Extracted data entries

┄┄┄┄┄┄┄┄┄┄

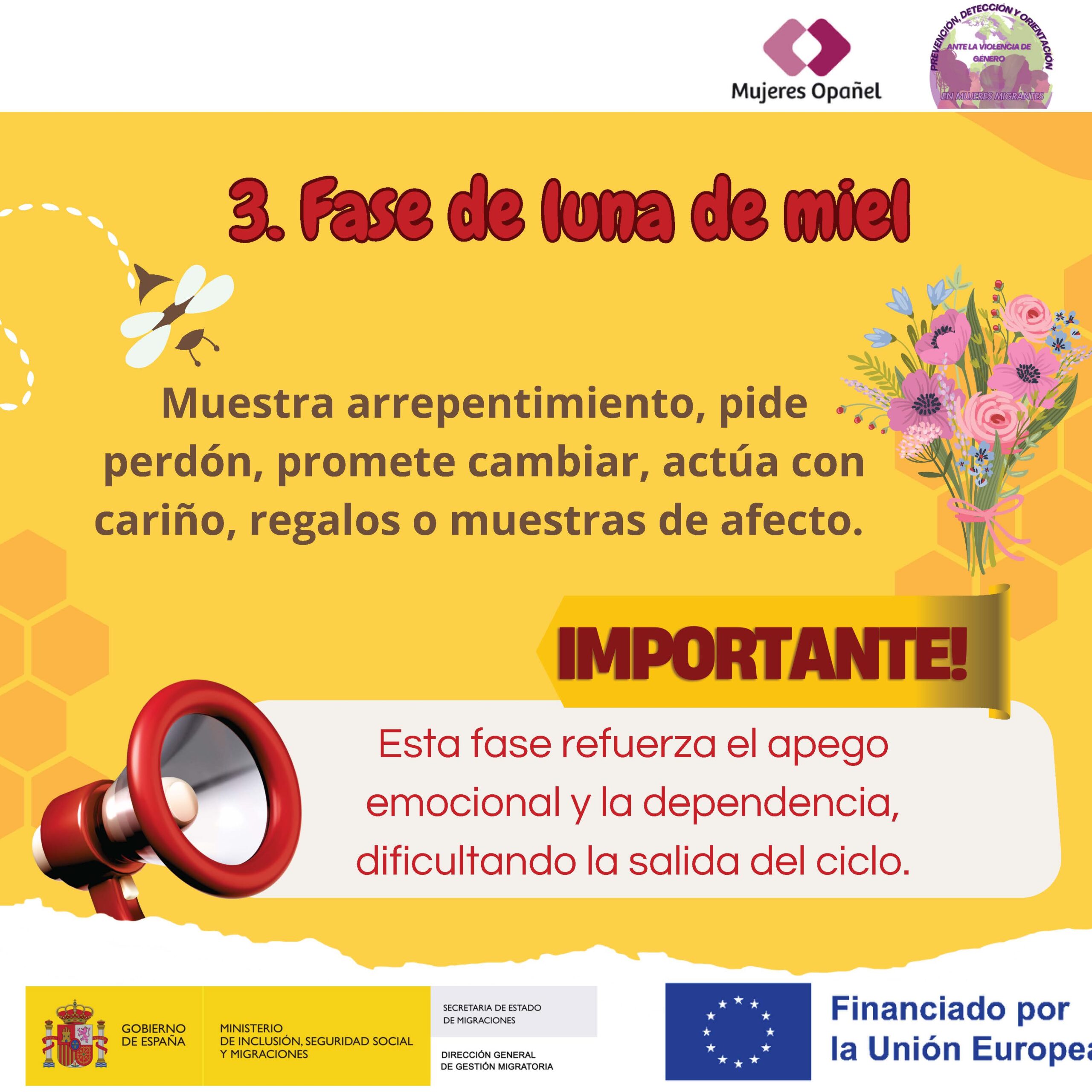 🌙 Luna de miel: tras la agresión, el agresor puede mostrarse arrepentido, pedir perdón, prometer cambios y hacer gestos afectivos. La víctima, esperanzada, puede pensar que todo mejorará. Pero el ciclo suele comenzar de nuevo.
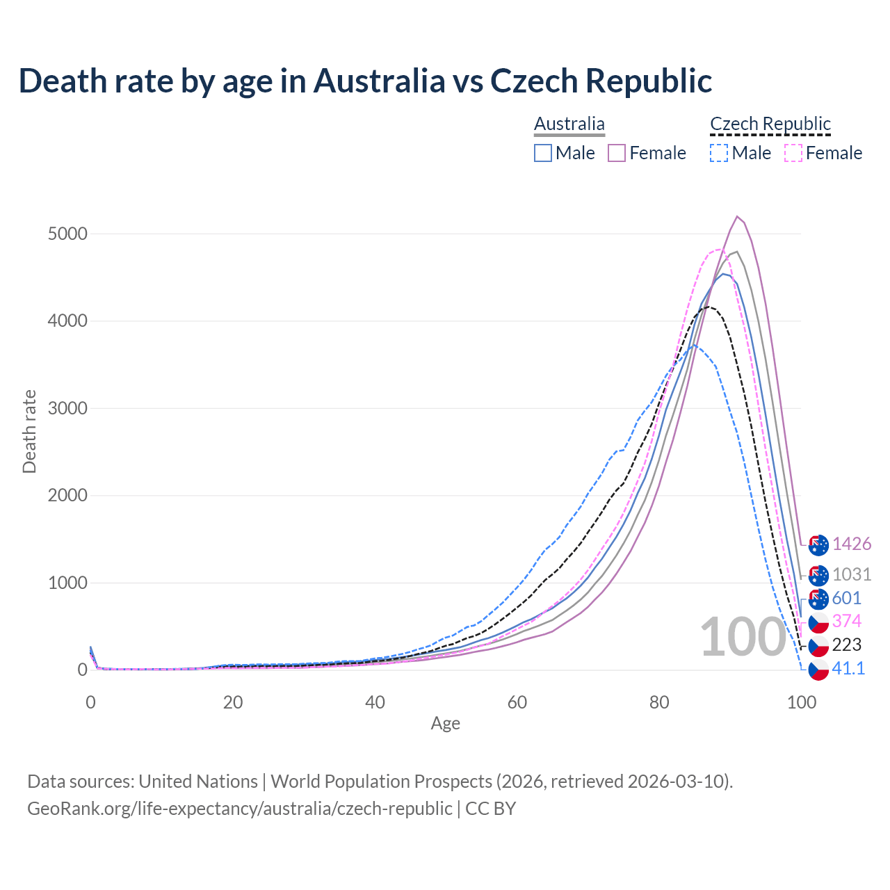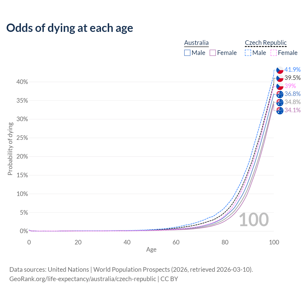 This life expectancy calculator shows the odds of living to 100, 95, 90, and below based on current age for both males and females in Australia and the Czech Republic, along with mean and median age of death. The calculations are based on the 2026 life tables (actuarial tables) from the UN World Population Prospects.
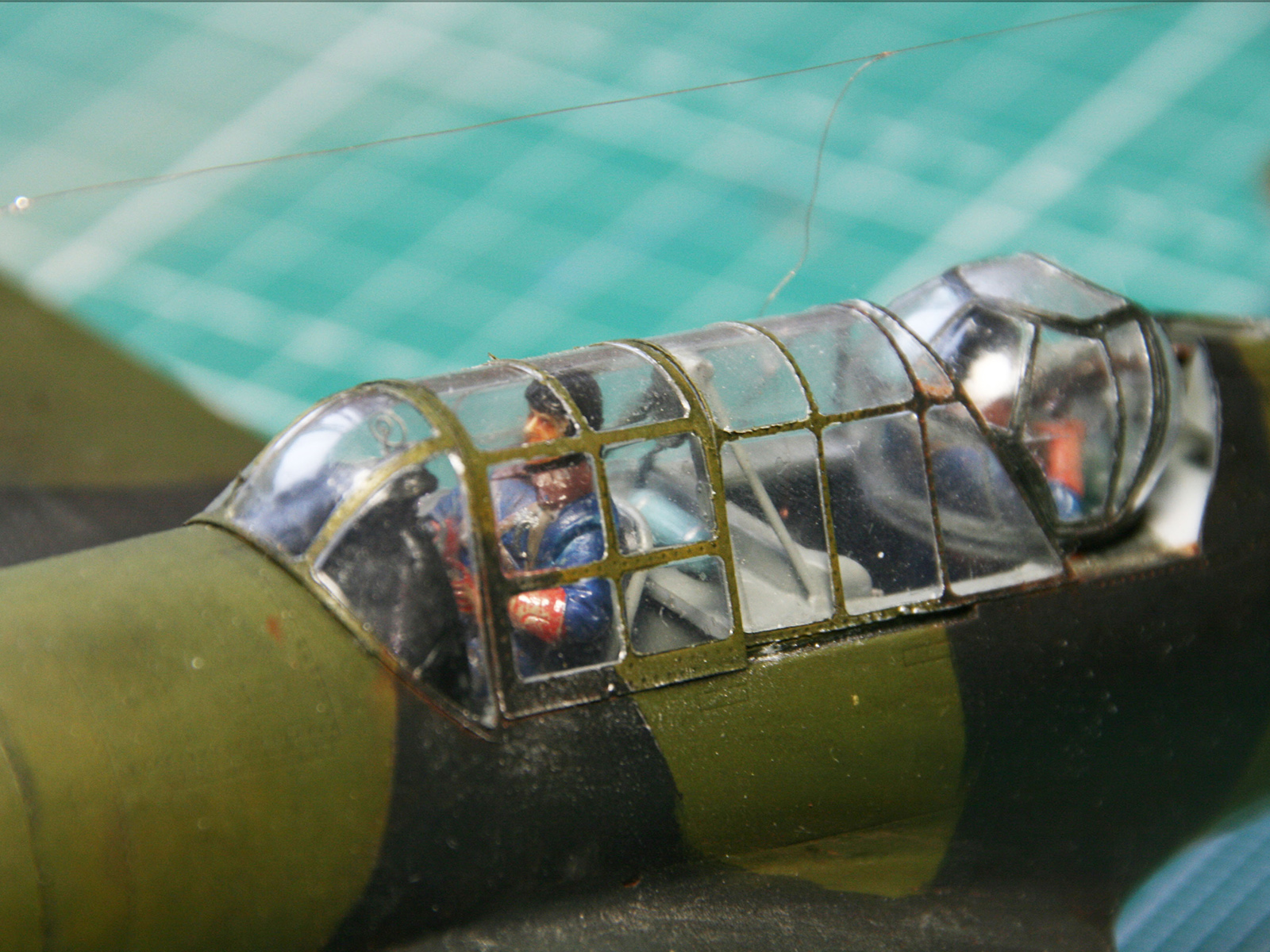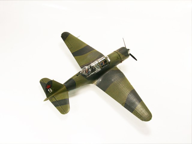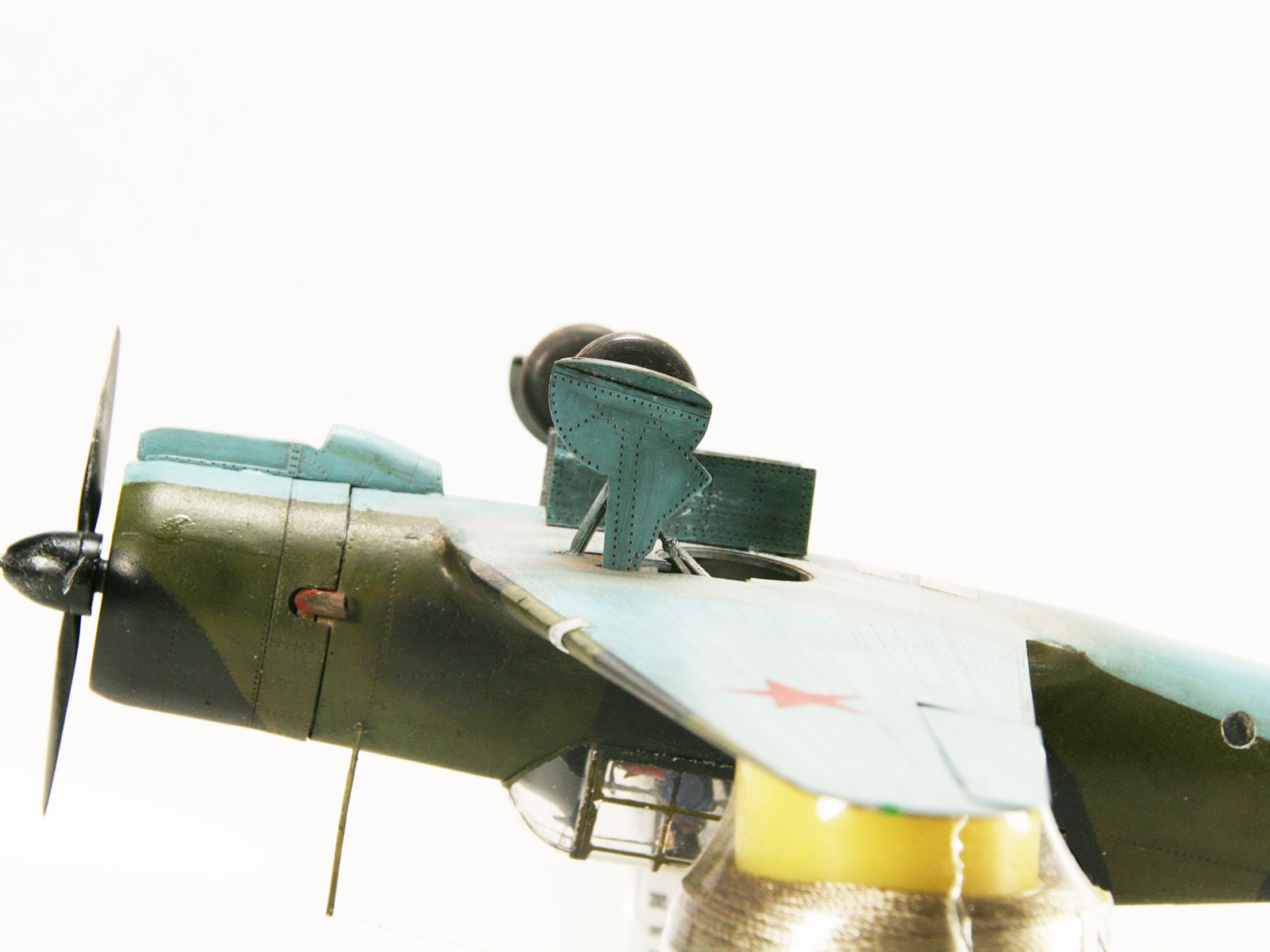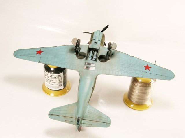 Модель собрана практически "изкаропка", добавлены БАНО (Elf), травление (Eduard), декали (Begemot), родная трубка ПИТО была сломана в процессе постройки и заменена на иглу, стойка антенны - игла, высверлены отверстия под пулеметы и тоже вставлены иглы, антенна - жилка провода из кабеля для наушников.
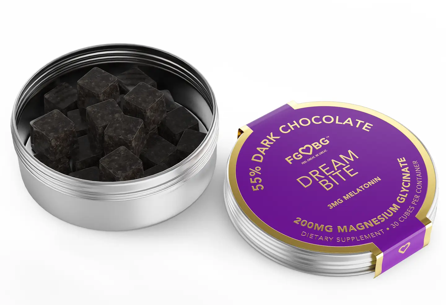 Dream Bite combines 3mg of melatonin and 200mg of magnesium with 55% dark chocolate to support restful sleep and relaxation. Each container includes 30 convenient cubes, designed to help you feel great and enhance your well-being naturally.
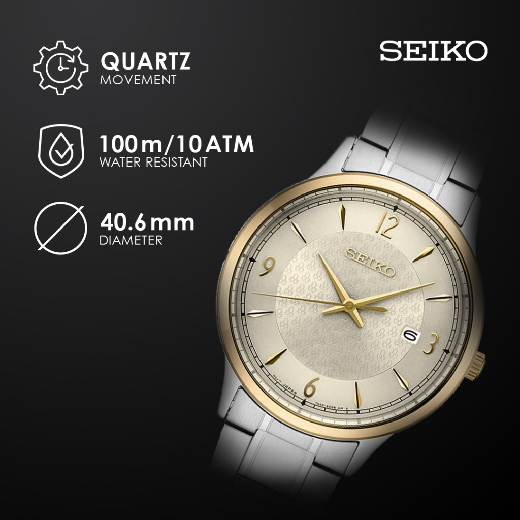 Jam Tangan Pria Seiko Classic SGEH92P1 Men Gold Dial Dual Tone Stainless Steel Strap SGEH92 Original
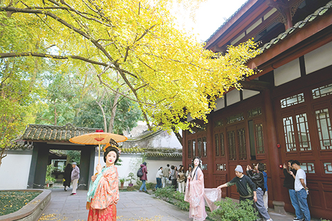 人鷗同樂享暖陽 -- 內地建成全球規模最大生態環境監測網絡 王滬寧在廣東調研時強調 為推進中國式現代化凝心聚力 國產DDR5亮相 達國際領先水平 台解禁福島食品 輿論質疑難脫政治盤算 中國商業航天激活民生應用 中國股份制銀行AIC擴容至3家 民企出海「各顯身手」 全球市場煥新中國印象 浙商涉外法律服務中心運行 覆蓋94個國家及地區 -- 2025-11-24 03:30:00 ◎ 十一月二十三日,四川成都,遊客身著古裝在成都杜甫草堂博物館內的銀杏樹下拍照留念。立冬過後,成都漸漸進入了銀杏的觀賞季,金黃的銀杏為城市增添了浪漫與詩意。(中新社記者 安源 攝)
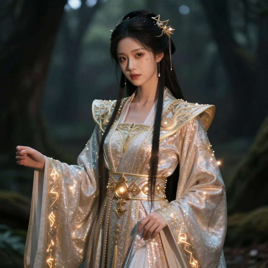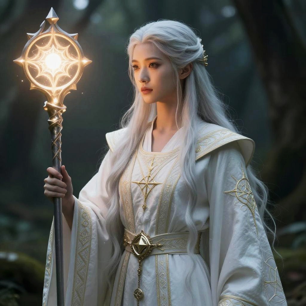 DND AI portrait generator depicting a mystical elven mage, long flowing hair, elegant robes embroidered with arcane symbols, glowing magical staff, ethereal forest background, soft lighting highlighting delicate features, fantasy character portrait
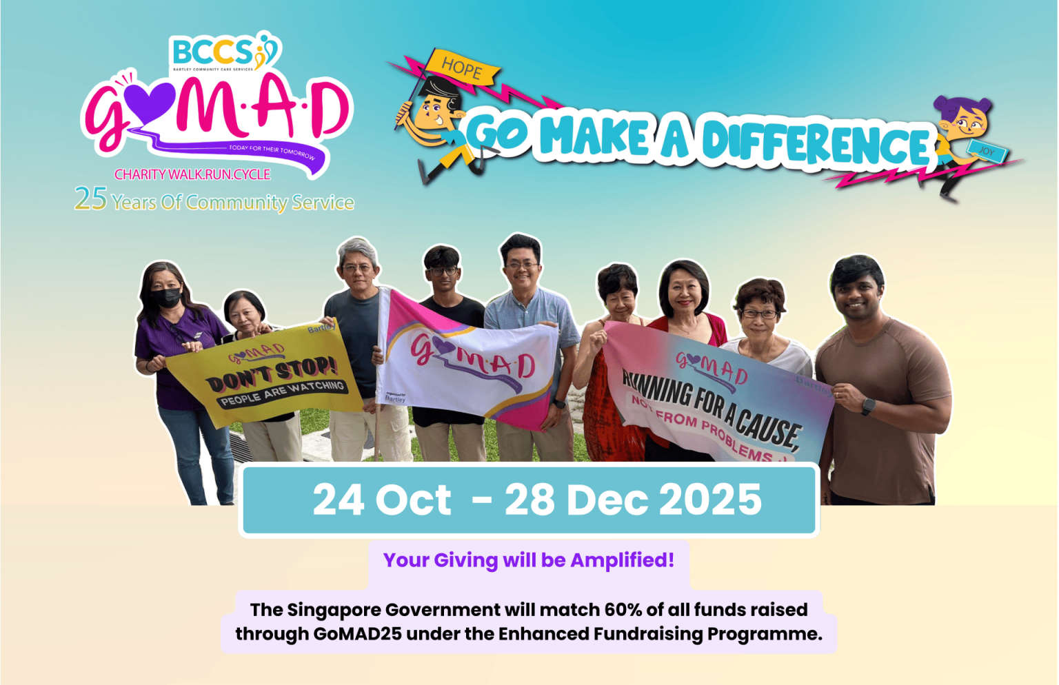As we step out to Make A Difference, Hope and Joy will be by our side, reminding us why we walk, run, and ride: to bring hope and joy to disadvantaged children, families, and seniors in our community.

┄┄┄┄┄┄┄┄┄┄

Required action.
Give the data again exactly as written, with all pictures left out.

Response below.
 🌙 Luna de miel: tras la agresión, el agresor puede mostrarse arrepentido, pedir perdón, prometer cambios y hacer gestos afectivos. La víctima, esperanzada, puede pensar que todo mejorará. Pero el ciclo suele comenzar de nuevo.
 This life expectancy calculator shows the odds of living to 100, 95, 90, and below based on current age for both males and females in Australia and the Czech Republic, along with mean and median age of death. The calculations are based on the 2026 life tables (actuarial tables) from the UN World Population Prospects.
 Модель собрана практически "изкаропка", добавлены БАНО (Elf), травление (Eduard), декали (Begemot), родная трубка ПИТО была сломана в процессе постройки и заменена на иглу, стойка антенны - игла, высверлены отверстия под пулеметы и тоже вставлены иглы, антенна - жилка провода из кабеля для наушников.
 Dream Bite combines 3mg of melatonin and 200mg of magnesium with 55% dark chocolate to support restful sleep and relaxation. Each container includes 30 convenient cubes, designed to help you feel great and enhance your well-being naturally.
 Jam Tangan Pria Seiko Classic SGEH92P1 Men Gold Dial Dual Tone Stainless Steel Strap SGEH92 Original
 人鷗同樂享暖陽 -- 內地建成全球規模最大生態環境監測網絡 王滬寧在廣東調研時強調 為推進中國式現代化凝心聚力 國產DDR5亮相 達國際領先水平 台解禁福島食品 輿論質疑難脫政治盤算 中國商業航天激活民生應用 中國股份制銀行AIC擴容至3家 民企出海「各顯身手」 全球市場煥新中國印象 浙商涉外法律服務中心運行 覆蓋94個國家及地區 -- 2025-11-24 03:30:00 ◎ 十一月二十三日,四川成都,遊客身著古裝在成都杜甫草堂博物館內的銀杏樹下拍照留念。立冬過後,成都漸漸進入了銀杏的觀賞季,金黃的銀杏為城市增添了浪漫與詩意。(中新社記者 安源 攝)
 DND AI portrait generator depicting a mystical elven mage, long flowing hair, elegant robes embroidered with arcane symbols, glowing magical staff, ethereal forest background, soft lighting highlighting delicate features, fantasy character portrait
As we step out to Make A Difference, Hope and Joy will be by our side, reminding us why we walk, run, and ride: to bring hope and joy to disadvantaged children, families, and seniors in our community.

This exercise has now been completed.